Et puis, prenons un pas de recul, dira le piéton, pour nous demander si le chroniqueur à la circulation ne nourrit pas, sans s’en rendre compte, l’impression qu’un troisième lien autoroutier est indispensable à notre survie collective.

Certes, les gouvernements ont à peu près oublié le projet (sauf les conservateurs, mais quand on traine un programme parfait pour 1953, faut pas s’étonner), mais combien, dans leur voiture, en plein bouchon, se disent encore aujourd’hui que « ce serait dont bin pratique d’avoir un maudit troisième lien pour que je sorte d’ici (ajoutez ici les sacres qui vous conviennent) ».

La science est claire : un lien autoroutier empire la situation.
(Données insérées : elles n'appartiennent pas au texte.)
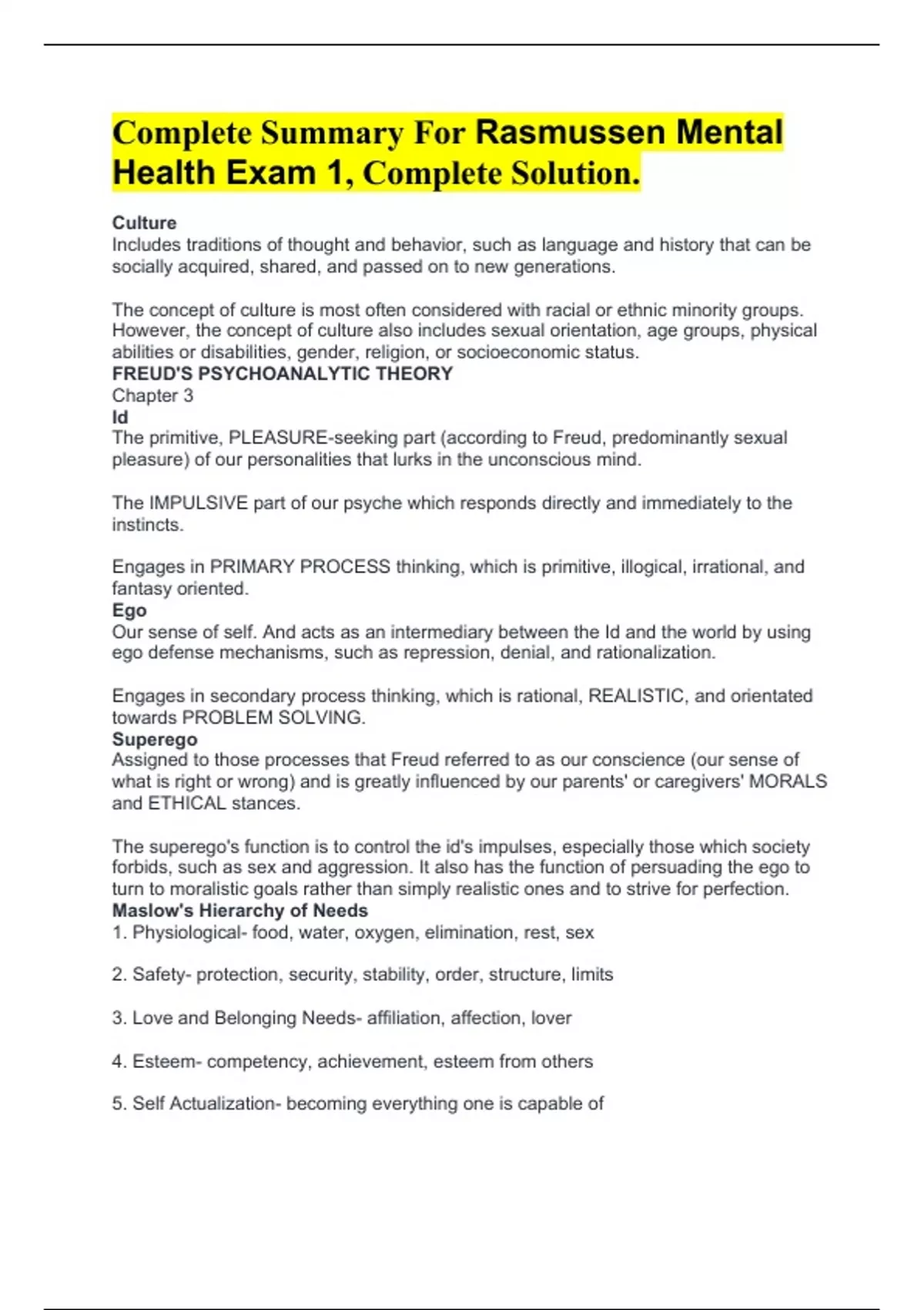 Complete Summary For Rasmussen Mental Health Exam 1, Complete Solution. Culture Includes traditions of thought and behavior, such as language and history that can be socially acquired, shared, and passed on to new generations. The concept of culture is most often considered with racial or ethnic minority groups. However, the concept of culture also includes sexual orientation, age groups, physical abilities or disabilities, gender, religion, or socioeconomic status. FREUD'S PSYCHOANALYTIC THEORY Chapter 3 Id The primitive, PLEASURE-seeking part (according to Freud, predominantly sexual pleasure) of our personalities that lurks in the unconscious mind. The IMPULSIVE part of our psyche which responds directly and immediately to the instincts. Engages in PRIMARY PROCESS thinking, which is primitive, illogical, irrational, and fantasy oriented. Ego Our sense of self. And acts as an intermediary between the Id and the world by using ego defense mechanisms, such as repression, denial, and rationalization. Engages in secondary process thinking, which is rational, REALISTIC, and orientated towards PROBLEM SOLVING. Superego Assigned to those processes that Freud referred to as our conscience (our sense of what is right or wrong) and is greatly influenced by our parents' or caregivers' MORALS and ETHICAL stances. The superego's function is to control the id's impulses, especially those which society forbids, such as sex and aggression. It also has the function of persuading the ego to turn to moralistic goals rather than simply realistic ones and to strive for perfection. Maslow's Hierarchy of Needs 1. Physiological- food, water, oxygen, elimination, rest, sex 2. Safety- protection, security, stability, order, structure, limits 3. Love and Belonging Needs- affiliation, affection, lover 4. Esteem- competency, achievement, esteem from others 5. Self Actualization- becoming everything one is capable of 6. Self Transcendent Needs - when an individual "seeks to further a cause beyond the self and to experience a communion beyond the boundaries of the self through peak experiences." Erickson's Stages of Development - Infant: Birth - 1.5 yrs old Trust vs. Mistrust Task: develop a basic sense of trust and comfort and minimal fear and uncertainty. Erickson's Stages of Development - Early childhood (toddler) - 1.5-3 yrs old Autonomy vs. Shame/doubt Task: gain self control and independence Erickson's Stages of Development - Preschooler 3-6 yrs old Initiative vs. Guilt Task: achieve sense of purpose and task mastery Erickson's Stages of Development - School age 6-12 yrs old Industry vs. Inferiority Task: self confidence thru learning and competition Erickson's Stages of Development - Adolescent 12-20 yrs old REMEMBER Identity vs. Role confusion Task: differentiation from parents leads to fidelity, integrate all the above for sense of self Erickson's Stages of Development - Young adult 20-30 yrs old REMEMBER Intimacy vs. isolation Task: form intense long term relationships Erickson's Stages of Development - Adult 30-65 yrs old REMEMBER Generativity vs. Self-absorption Task: achieve life goals and obtain concern for future generation Erickson's Stages of Development - Older adult 65+ Integrity vs. Despair Task: derive meaning from life and sense of self worth Neurotransmitters Chapter 4 Dopamine Functions: COGNITION MOTIVATION

Vraiment. C’est de la pensée magique et un mensonge complet.

Néanmoins, quand vous entendez Marc-André vous dire que « c’est actuellement l’enfer à l’entrée des ponts »… ça vous crinque, non? 

Surtout, la chronique à la circulation tourne encore et toujours autour de l’auto. Comme si l’univers du transport se limitait à la voiture en solo. La chronique ne devrait-elle pas, si on tient à la conserver, aborder la mobilité plus largement?

Par exemple, à CKIA le matin, l’animatrice suggérait des parcours de bus, les corridors vélos à envisager, etc. Ça me parait nettement plus 2023 comme approche, non?

Est-ce qu’on n’y verrait pas là une manière de nourrir le changement de culture de société dont nous avons, en réalité, bien plus besoin que l’autocentrisme qui nous caractérise encore?

Vous voyez, ma réflexion est moins légère qu’elle n’y paraissait, non?

Et puis, tant qu’à y être, apprenez-vous vraiment le temps qu’il fera en écoutant la chronique météo? Moi non plus.

Je ne crois pas que ce soit utile dans un bulletin de nouvelles. Les données boursières non plus, d’ailleurs. Les gens qui vivent des résultats de la Bourse les savaient bien avant qu’ils n’apparaissent à l’écran de Bruno.

Là, vous vous dites : si on enlève la circulation, la météo, les indices boursiers… ils vont parler de quoi?

Des nouvelles. Ils vont trouver des nouvelles. C’est pour ça qu’on les écoute ou les regarde. C’est pour ça qu’on les paye.

Quoi que, perso, je n’écoute pas souvent. Je suis surtout un lecteur.

Ça m’évite ainsi d’avoir à me taper le « plaisir » factice pour faire sympathique qu’on nous vend souvent, dans les formats traditionnels à la radio ou la télé. Vous savez, le genre de moment où le « fun » en studio sent la comédie forcée à plein nez?

Oui, comme par exemple, quand le journaliste dit à l’animateur, alors qu’en studio ils reçoivent la pâtissière du quartier, qu’il va reprendre une part de la succulente tarte aux bleuets qu’on leur a offerte et que l’animateur lui répond : « oh, vous mon grand fou! » avec l’équipe qui se force à rire en chœur, pour réagir à un gag sans intérêt…

Quand je lis, ça m’évite ces malaises.